At Datasaur, we've got you covered when it comes to data labeling. We understand the importance of being able to integrate with various machine learning platforms, including Azure. We recognize that Azure is a powerful tool for building and deploying ML models, and that's why we've prioritized seamless integration with it. Our mission is to empower data scientists and machine learning engineers to build and deploy highly accurate and effective models on any platform they choose.

Integration with Azure

In this tutorial, we will take you through the process of building a model with Azure integration. This tutorial is meant to be practical and easy to follow, even for beginners. It is a step-by-step guide that will walk you through the entire process of building a model that can be deployed easily on Azure.

We will start with labeling data using Datasaur, then move on to building a model with Azure Automated ML. We will provide a detailed guide with screenshots to ensure that you have a smooth experience throughout the process.

By following this tutorial, you will learn how to:

  1. Label news data category with Datasaur
  2. Train a model using Automated ML in Azure

If you are ready to get started, let's dive in!

Labeling with Datasaur

  1. Prepare your preferred dataset. We will use the following dataset for this tutorial: Dataset link 
  2. Log in to your Datasaur account. We recommend you use the team workspace.
  3. Go to your desired team workspace. Once you have stored your data from the previous step, you can create a project with the DOC type from the Datasaur project template. It will give you automated settings for a classification project.

  1. To get started with the data labeling process, the first step is to upload your data to the uploader.

  1. After uploading your data, you can preview your dataset. If your data already has headers, you can convert the first row to a header using the available settings.

  1. To create your labeling task, you need to add a question set. The question set defines the goals for your labeling project. Name the question set “Category.” From the dropdown “Question Type” select “Dropdown.” Enter in the following labels: Business, Technology, Politics, Sports, and Entertainment.

  1. When working on a data labeling project with a team, it's important to assign responsibilities clearly to ensure efficient collaboration. In Datasaur, you can assign team members as either labelers or reviewers based on their roles and responsibilities in the project.

  1. The project is now ready to be launched.

  1. You are now ready to annotate the data. Shortcut: Use this labeled data to jump into the next step.

  1. After you have finished labeling your data in Datasaur, you can easily export it to Azure's native format. To export your labeled data to Azure, you need to first access the Export submenu by clicking on the "File" menu. Once there, you will see a dropdown menu with several options, one of which is "Azure." Selecting this option will initiate the export process, after which you will have a file in Azure's format that can be used for training and deploying machine learning models.

  1. Your dataset is now fully prepared and ready to be utilized for your machine- learning project.

Building a Model with Azure AutomatedML

  1. To begin, open and navigate to your Azure Machine Learning workspace.

  1. You need to launch the studio and start your computing instance.
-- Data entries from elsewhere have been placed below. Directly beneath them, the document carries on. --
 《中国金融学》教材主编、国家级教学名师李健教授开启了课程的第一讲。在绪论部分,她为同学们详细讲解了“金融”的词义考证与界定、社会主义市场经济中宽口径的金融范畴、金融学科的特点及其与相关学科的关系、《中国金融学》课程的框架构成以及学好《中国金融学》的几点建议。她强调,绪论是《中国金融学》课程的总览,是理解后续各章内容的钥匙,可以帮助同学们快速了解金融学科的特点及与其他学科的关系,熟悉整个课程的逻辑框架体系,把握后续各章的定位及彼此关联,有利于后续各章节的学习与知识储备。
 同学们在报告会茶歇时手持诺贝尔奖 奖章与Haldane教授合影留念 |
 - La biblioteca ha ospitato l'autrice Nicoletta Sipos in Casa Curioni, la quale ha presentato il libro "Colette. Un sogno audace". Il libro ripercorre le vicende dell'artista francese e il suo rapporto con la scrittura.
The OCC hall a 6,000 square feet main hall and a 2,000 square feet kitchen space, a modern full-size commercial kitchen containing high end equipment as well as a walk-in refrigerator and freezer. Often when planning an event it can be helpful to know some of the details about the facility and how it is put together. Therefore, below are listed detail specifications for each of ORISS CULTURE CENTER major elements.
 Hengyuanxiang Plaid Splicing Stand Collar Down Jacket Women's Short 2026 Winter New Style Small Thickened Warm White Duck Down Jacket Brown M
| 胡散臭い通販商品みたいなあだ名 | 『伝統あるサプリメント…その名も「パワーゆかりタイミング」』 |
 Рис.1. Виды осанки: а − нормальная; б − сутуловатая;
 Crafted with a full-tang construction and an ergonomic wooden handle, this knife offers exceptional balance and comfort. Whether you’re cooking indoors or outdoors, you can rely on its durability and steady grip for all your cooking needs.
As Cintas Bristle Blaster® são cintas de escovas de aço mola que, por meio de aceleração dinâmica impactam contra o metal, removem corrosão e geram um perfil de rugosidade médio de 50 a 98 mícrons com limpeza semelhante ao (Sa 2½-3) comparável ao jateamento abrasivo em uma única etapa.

This step is crucial to ensure that your computing environment is set up correctly and that you can access all the tools and resources you need to build and deploy your model successfully.

  1. Navigate to the "Compute" menu to configure your instance.

  1. You can choose your desired instance.

  1. After successfully configuring your computing instance, navigate to the Automated ML section and configure your training settings.

        a. In this step, you need to add a dataset, ensuring that it includes a split between training and validation data.

       b. Once you have set the data split, you can configure the necessary job.

       c. Set the training task to classification.

       d. You can add additional configurations such as allowed models, training job time, and metrics thresholds. Allowed models are used to list all the model variants that we want to use in the training process. Training job time and metrics threshold define the exit criterion. When this threshold value is reached for an iteration metric, the training job will be terminated. We recommend you use 24 hours and 1 iteration as the value for training job time and maximum iteration.

       e. You can also modify the featurization config.

       f. You need to also set your validation data.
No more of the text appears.